Accurately resolved entities are critical for analytics because analysts won’t use data they don’t trust and aren’t willing to include in their reporting. Novetta Entity Analytics was designed to rapidly deliver highly accurate entity results and scale to handle billions of records across a Hadoop computing cluster.
Distributed Processing Returns Highly Accurate Results
High quality entities that meet the needs of analysts are key to the success of Novetta Entity Analytics. To achieve these results, the software rapidly groups records into meaningful entities using an iterative process that begins with creating candidate entity resolution rules and applying those rules across data sources. The results from candidate rules are then evaluated, measured, modified and rerun, sometimes multiple times, until the required entity quality is achieved. Novetta Entity Analytics can process billions of records in hours, which enables it to rapidly derive the optimal rule sets needed to resolve large volumes of data.
The software uses a unique distributed parallel processing methodology to partition data into small groups of records likely to be related to the same real-world entity. Novetta Entity Analytics efficiently distributes these small partitions across a Hadoop cluster, and rapidly performs entity resolution jobs on each partition. The resolved entities from all partitions are combined and automatically organized into a multidimensional, cross-system index that contains record identifiers for each entity across all data sources.
Fast Entity Analysis Delivers New Insights
Novetta Entity Analytics can rapidly post-process the combined data to gain a better understanding about a specific entity or groups of entities. For example, an analyst at a retailer with outlets nation wide, might want to identify customers with transactions over $100 in a specific city. Novetta Entity Analytics can perform analytics on the retailer’s resolved entity data and deliver those results in seconds. The system can also easily identify these types of customers at any number of locations across the U.S., not just in a specific city, because it has already resolved and combined all of the data.

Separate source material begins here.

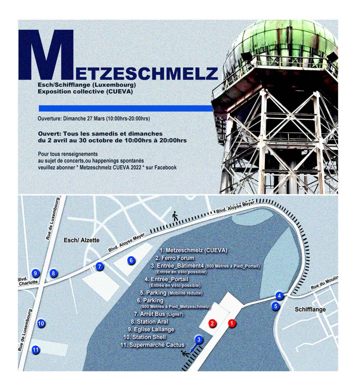 De Kënschtler Kollektiv CUEVA huet et sech déi lescht Joren zur Aufgab gemaach, verloosse Plazen ze rekrutéieren, fir op eng begrenzten Zäit eng grouss Unzuel un Artisten auszestellen. Och dëst Joer hu si nees eng besonnesch Plaz am Minett fonnt an zwar um alen Arbed Site Esch/Schëffleng, och fréier Metzeschmelz genannt. D’Iddi ass et awer och niewent der Expo eng Variatioun u Programm unzebidden: Concerten, Happenings a Projektiounen. Am Summer wäerten dann och déi eng oder aner Nocturnen dobäi kommen.

Without access to accurately resolved entity data, locating these types of customers would be much more complicated. First an analyst would have to find all of the people in the specific location, and determine who had more than $100 in transactions. The analyst would then most likely have to review much of the data manually to account for many ambiguous customer references (e.g. names misspelled, initials vs. complete name, name token order and nicknames). This process could take hours, days or even weeks, depending the quantity and quality of the data being reviewed. With Novetta Entity Analytics, there is no need for manual review of individual records, and the number of records generated by queries is greatly reduced, since multiple records about a single entity are already resolved into one.

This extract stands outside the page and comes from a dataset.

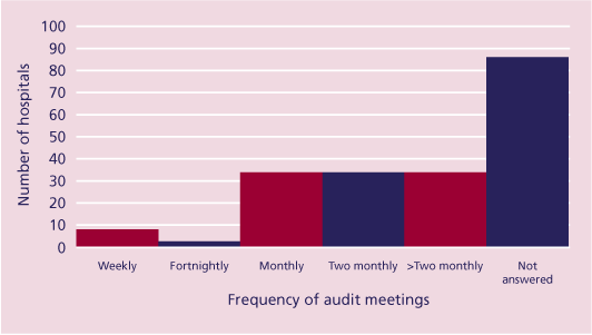 multidisciplinary team meetings. Five hospitals did not answer this question but of those that did, 58% (110/189) held audit meetings and 17% (19/110) of these were for doctors alone. The frequency of meetings varied from weekly to greater than bi-monthly, with 68% (75/110) having meetings bi-monthly or more regularly (Figure 7).
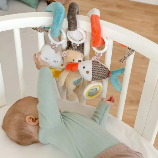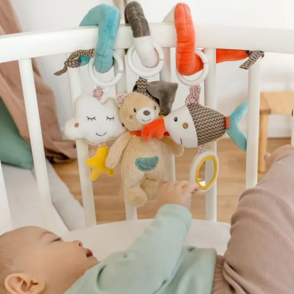 De Fehn Activity Spiraal – Bruno – Multikleur zorgt voor eindeloos speelplezier en stimuleert de ontwikkeling van je baby. De spiraal is voorzien van drie zachte speelfiguurtjes, waaronder een beertje, wolkje en visje met spiegeltje. Ze nodigen uit tot grijpen, ontdekken en stimuleren de oog-handcoördinatie. Dankzij de flexibele spiraalvorm wikkel je het speeltje eenvoudig om een box, wieg, kinderwagen of autostoel. De figuurtjes zijn verschuifbaar, zodat je ze op de perfecte plek kunt positioneren voor je kindje. Ideaal voor thuis én onderweg!

Scalable to Accommodate All Data Requirements
Built-in linear scalability to hundreds of computing nodes allows Novetta Entity Analytics to deliver fast performance on the largest data sets. Linearly scalable means when computing capacity is doubled execution takes Novetta Entity Analytics half the time on the same amount of data, or the same time on twice as much data.
The ability of Novetta Entity Analytics to accurately, rapidly and automatically resolve and organize entities within large quantities of data at scale also helps organizations leverage their human talent. Since analysts are no longer required for these tasks, they are free to review and analyze the richer data sets and ask more interesting questions. Novetta Entity Analytics makes this possible for a wide range of customers, from those with a few servers and 100 million records to organizations with hundreds of servers and billions of records.